Donnerstag, 31. Dezember 2015

Österreich: Das Jahr im Zug

Alter Anzugmann: Senkt sein Haupt über den papierenen Grabstein von Kultur und Anstand. Der Name der Republik draufgehämmert. "Österreich". Heimat. Seit hundert Jahren liegst du zwischen den Stühlen großer Treffen, großer Anzugträger. Recht hast du. Bleib ruhig liegen, halte still. Große Treffen, große Verhandlungen, große Worte: Kleine Klopfer auf die Schultern großer Anzugträger. Nichts verhallt auf Samt und Seide, nicht einmal Gerüchte. Alles auf später verschoben, wenn die Menschenmasse zu spät bemerkt, sie ist gefangen, versklavt, in Geiselhaft. Also still bleiben, Österreich, liegenbleiben! Das Elend durchwinken. Die Großen sollen sich darum kümmern.

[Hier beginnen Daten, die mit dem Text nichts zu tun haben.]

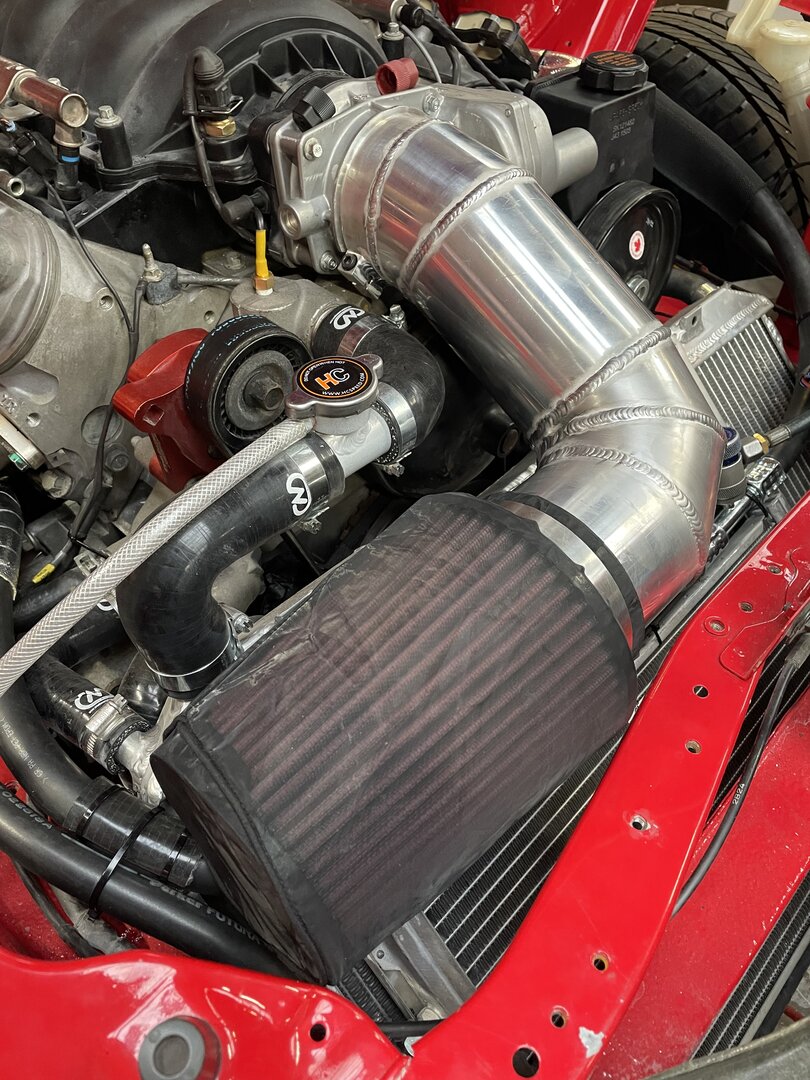 Last job on Saturday was making a start on the air intake, it's a tight fit under the bonnet so had to turn it down immediately out of the throttle body. I've bought a round K&N air filter so just need to turn the pipe at 90 Degrees to run along the top of the radiator.

Wir wissen wiedermal von nichts. Wir verschließen unsere Sinne, auf der Suche nach Identität. Kaiserin Sissi! Alles Singsang. Alles Bussi. Verherrlichte Sachertorte, du bist wie wir: Nicht ganz in allem, fader Querschnitt, geschmacklicher Durchschnitt. Nur nicht aufregen. Sedieren. Identitätssuche zwischen weltweit gleichgebauten Glasfassaden. Kaiser Franz-Josef. Erster Weltkrieg romantisiert. Der Zweite war doch eh viel schlimmer. Wann darf Eva Braun endlich im Musical singen? Nach dem nächsten Weltkrieg. Der Unterhaltungsindustrie bleibt nur die Vergangenheit. Für die Zukunft braucht's Verstand und Fantasie.

Deutsche Identität, ohne Deutschland zu mögen. Hassliebe. Passender Gefühlsschnitt. Enden verdrehen für den Dialekt. Aber Deutsch sprechna. Und wehe die Anderen können's nicht, das durchg'wunkna Elendna. Patriotisch.

Auch gegen den Feminismus. Gehört sich so. Nach wie vor: Die jungen Frauen hassen Augenbrauen und andere Haare, hyperventilieren beim Lachen, um nicht zu laut zu werden. Erlernen keine Höflichkeit, denn dafür sind die Männer zuständig, gefälligst. Den Mündigen wird das Sprechen überlassen, den Erwachsenen. Verniedlichung. Verkindlichung. Aussehen genügt. Prinzessinnen überall. Sissis. Keine Chancengleicheit. Akzeptiert. Dafür dürfen sie Plastikkrönchen tragen. Sei kein Spaßverderber, Stefan, ist doch alles nur Spaß! Party! Und jene Astrologin, bekannt im ganzen Land, erklärt anhand der Sterne, dass sie sich ihren Männern unterwerfen sollen. Quasi. Aber nicht ganz so, nicht in Kindersprache. Also akzeptiert. Gefälligst. Seltsames Wort.

Auch im neuen Jahr dann: Geldverdienen mit Sternleinfehldeuten. Geldverdienen mit Spekulation. Die Wiener Börse schlug andere Börsen mittels Kursgipfeln. Land der Berge. Tolles Jahr 2015. Für die Wiener Börse. Die Prinzessinnen verdienen immer noch weniger als ihre Prinzen. Auch im neuen Jahr dann.
Wenn alles barrierefrei sein wird. Laut Gesetz. Still blieben, liegen bleiben. Die Rollstühle werden vorüberrollen. Können eh nicht hinein.

Alte Heimat, ich fahre mit dem Zug und bringe dir was zum Saufna mit!